Gehemmtheit: «Ich, 30, hatte noch nie Sex»
Obwohl ich bald 30 bin und mich vom weiblichen Geschlecht angezogen fühle, ist es mir noch nie gelungen, einer Frau wirklich nahe zu kommen und mit ihr auch Sex zu haben. Bin ich gehemmt oder einfach nur zu bequem? Martin F.
Veröffentlicht am 5. August 2003 - 00:00 Uhr
Natürlich braucht es etwas Mut und Initiative, um eine Frau zu erobern: Die Anziehung ist nicht immer gegenseitig, und manche Frauen wollen umworben werden. Was auch bedeutet, dass man lernen muss, Zurückweisungen zu ertragen.
Wenn es aber bis 30 nie geklappt hat, würde auch ich auf eine neurotische Gehemmtheit schliessen. Die Tiefenpsychologie geht von einer dreigeteilten Seele aus: Im «Es» drängen die Triebe nach Befriedigung. Im «Über-Ich» stecken Ideale, Regeln und Verbote. Viele davon sind sinnvoll und nötig, etwa die Hemmung zu töten. Andere schränken das Leben unnötig ein, zum Beispiel Ihre Hemmung, ein normales, altersgemässes Liebesleben zu führen. Der dritte Teil der Seele, das «Ich», hat die Aufgabe, zwischen dem «Es», dem «Über-Ich» und der Umwelt zu vermitteln und ein Gleichgewicht herzustellen. Dieses «Ich» entspricht in etwa unserem Bewusstsein.
Ihre Aufgabe ist es also, Ihre erotischen und sexuellen Wünsche kennen zu lernen und diese zu akzeptieren. Dabei könnten Ihnen zum Beispiel eine Männergruppe oder Gespräche mit Freunden helfen. Wenn Ihnen dieser Schritt gelingt, werden Sie auch die Kraft finden, sich einer Frau zu nähern, Ihr Bedürfnis nach Zärtlichkeit, Erotik und Sexualität zu äussern und Ihre Sehnsucht zu stillen.

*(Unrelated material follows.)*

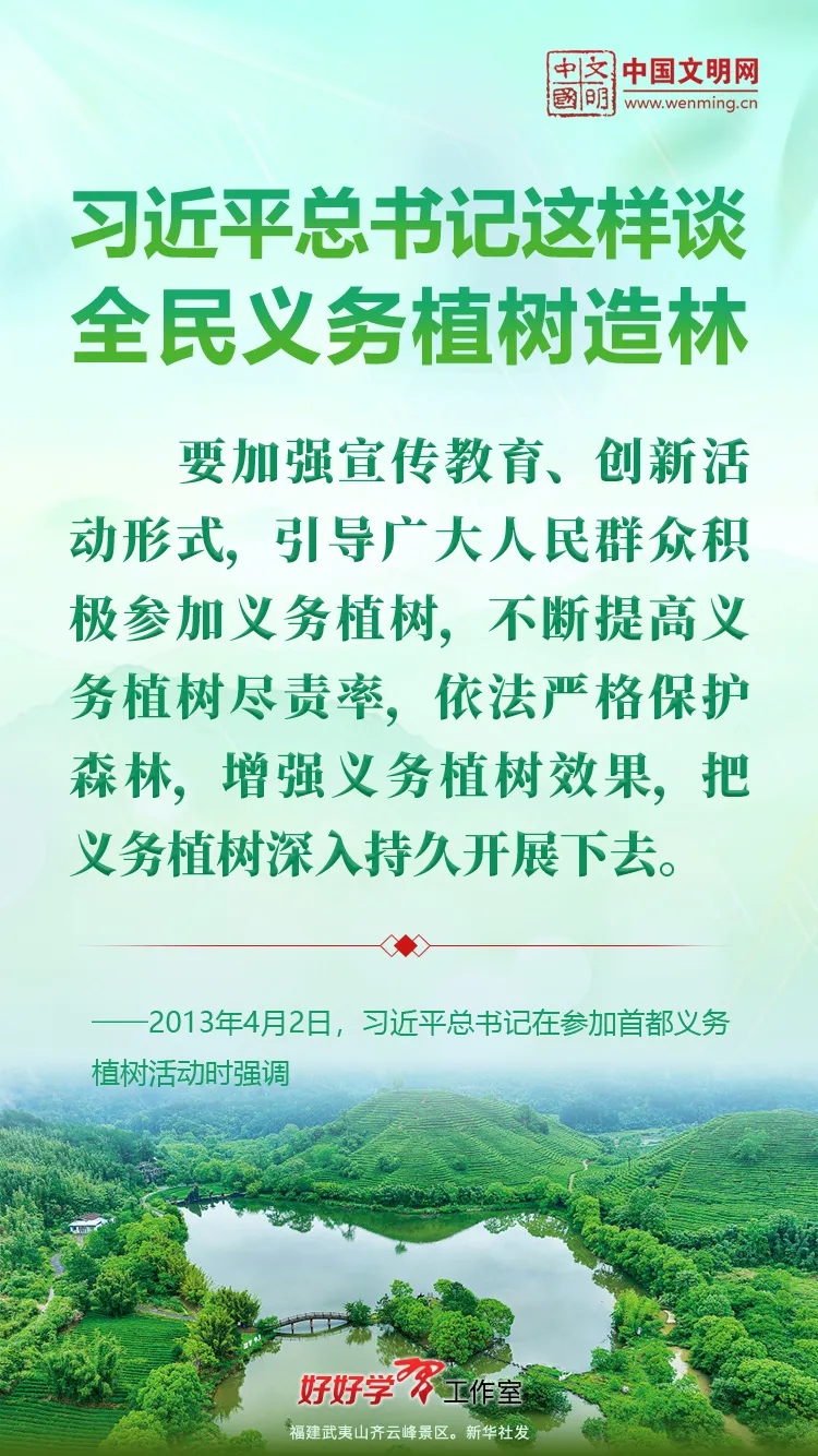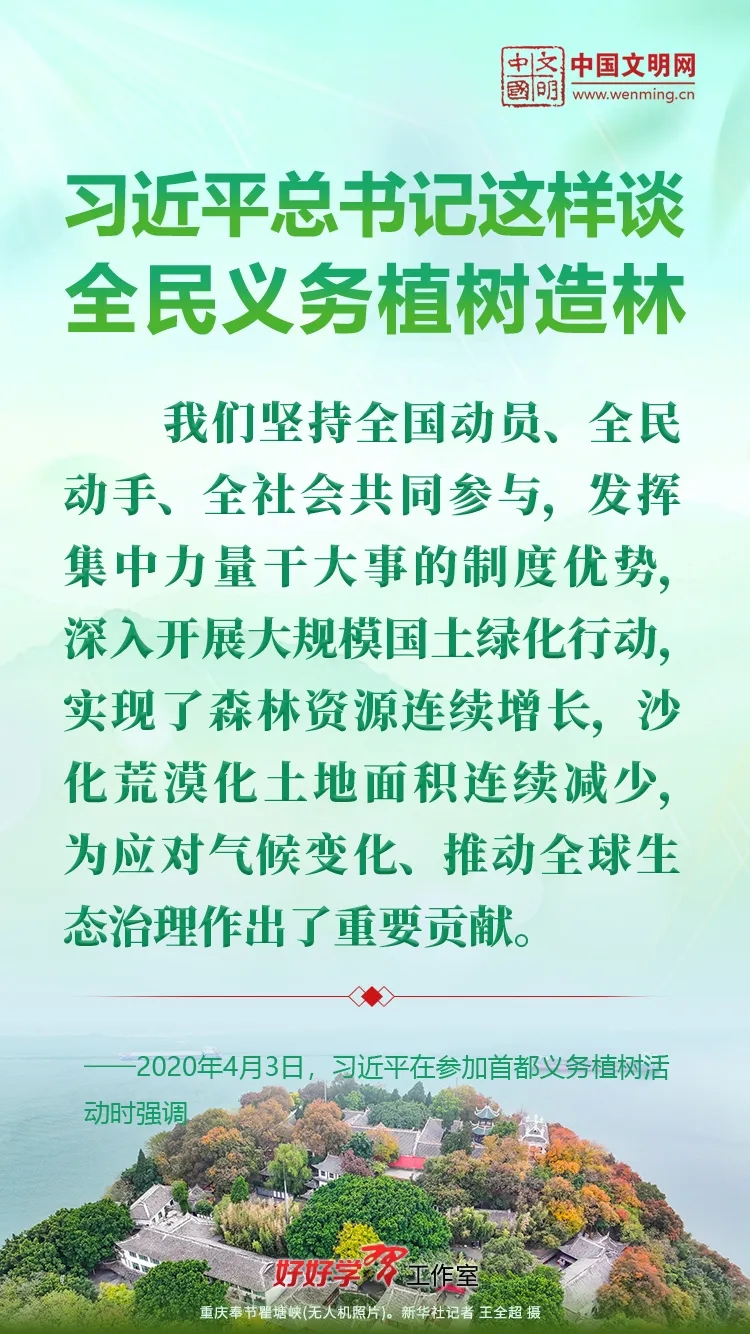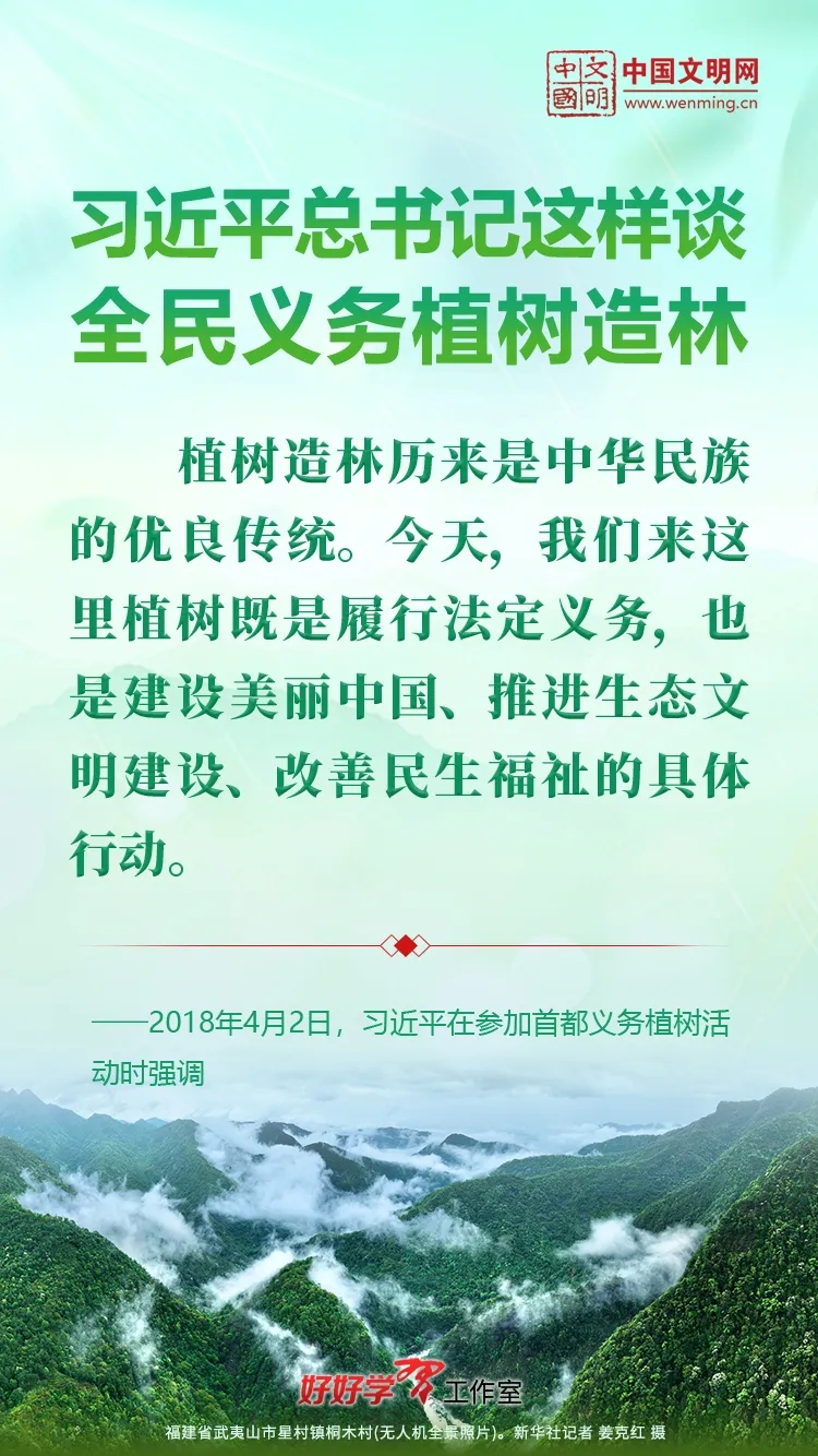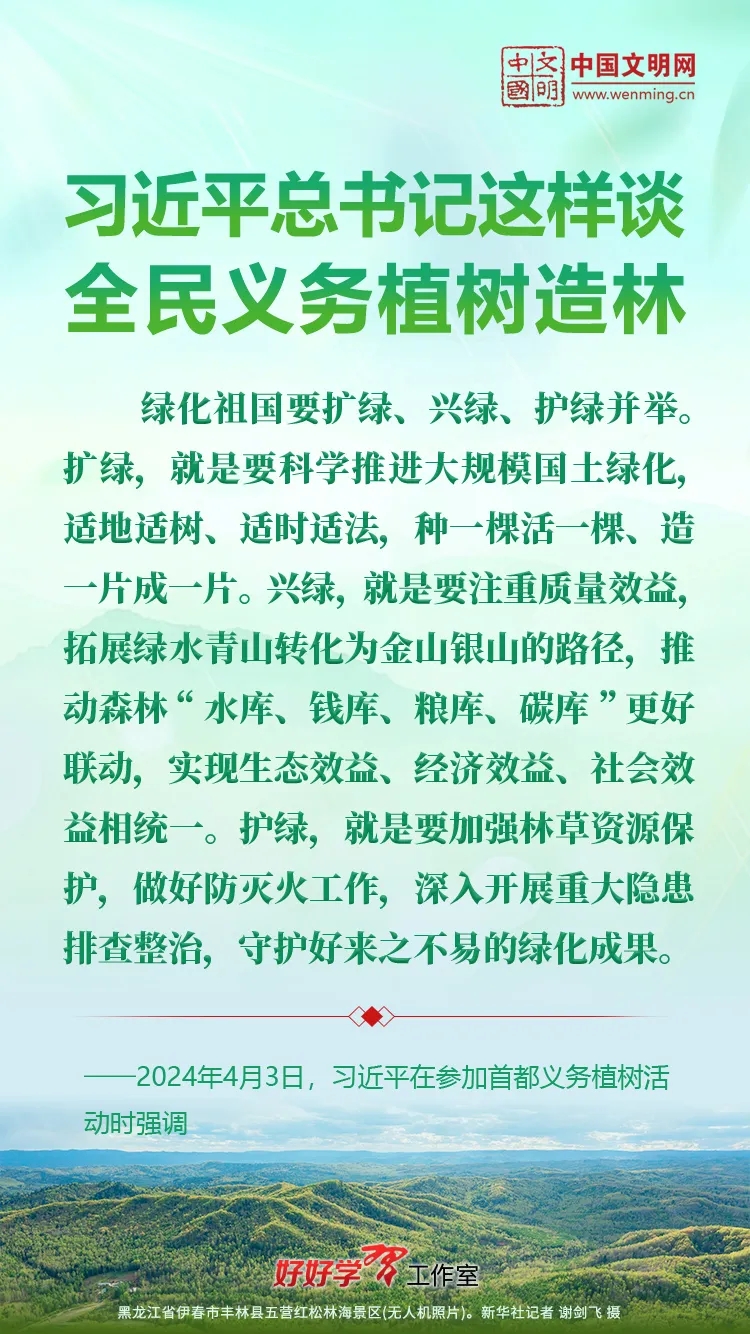 习近平总书记始终关心国土绿化事业。党的十八大以来,习近平总书记每年都参加首都义务植树活动,并发表重要讲话。让我们一起重温习近平总书记关于植树造林的重要讲话精神,积极行动起来,从义务植树做起,植出绿水青山和金山银山,让祖国大地更加绿意盎然、生机勃发。

Der Tiefenpsychologe Harald Schultz-Hencke erklärt in seinem Buch «Der gehemmte Mensch», dass Hemmungen im frühen Kindesalter entstehen, wenn Kinder in ihrem natürlichen Entfaltungsdrang behindert werden. Er unterscheidet drei Bereiche: Erstens möchte das Kind Dinge oder Menschen haben und behalten. Zweitens hat es ein Geltungsbedürfnis, möchte jemand sein, respektiert werden und auch einmal Nein sagen können. Und drittens erfahren bereits auch Kinder Sexualität, die sie ihrem jeweiligen Entwicklungsstand entsprechend neugierig erkunden wollen.
Sexfantasien als Folge der Verdrängung
Wenn Eltern diesem natürlichen Streben mit Ignoranz, Unverständnis oder gar Strafen begegnen, wird aus dem allzu braven Kind ein gehemmter Erwachsener: jemand, der sexuell blockiert, kraftlos, übermässig nachgiebig und unsicher durchs Leben schleicht.
Die Kraft seiner Wünsche ist längstens unter einem schweren Deckel verschwunden oder er hat sich einfach arrangiert.
Die verdrängten Wünsche bleiben allerdings im Unbewussten haften. Sie produzieren in der Fantasie riesige Ansprüche, denen die Realität nie genügen kann. Oft wartet deshalb ein sexuell gehemmter Mensch auf eine erotische Traumbegegnung voller Romantik, Leidenschaft und ohne Konflikte, aber er tut nichts dafür. Falls doch eine Beziehung zustande kommt, geht sie häufig und rasch an seiner Unersättlichkeit zugrunde.
Die Zurückhaltung gehemmter Menschen führt auch dazu, dass sie es als Partner oder Partnerin schwer haben: Weil ein Teil ihrer Lebendigkeit unterdrückt wird, sind sie nicht fassbar und zeigen kein Profil, auf das sich andere in ihren Gefühlen beziehen können. Gehemmtheit ist jedoch kein unabänderliches Schicksal. Hemmungen lösen sich allmählich auf, wenn man seine Gehemmtheit erkennt und mutig immer wieder neue Schritte wagt, um sich zu entfalten.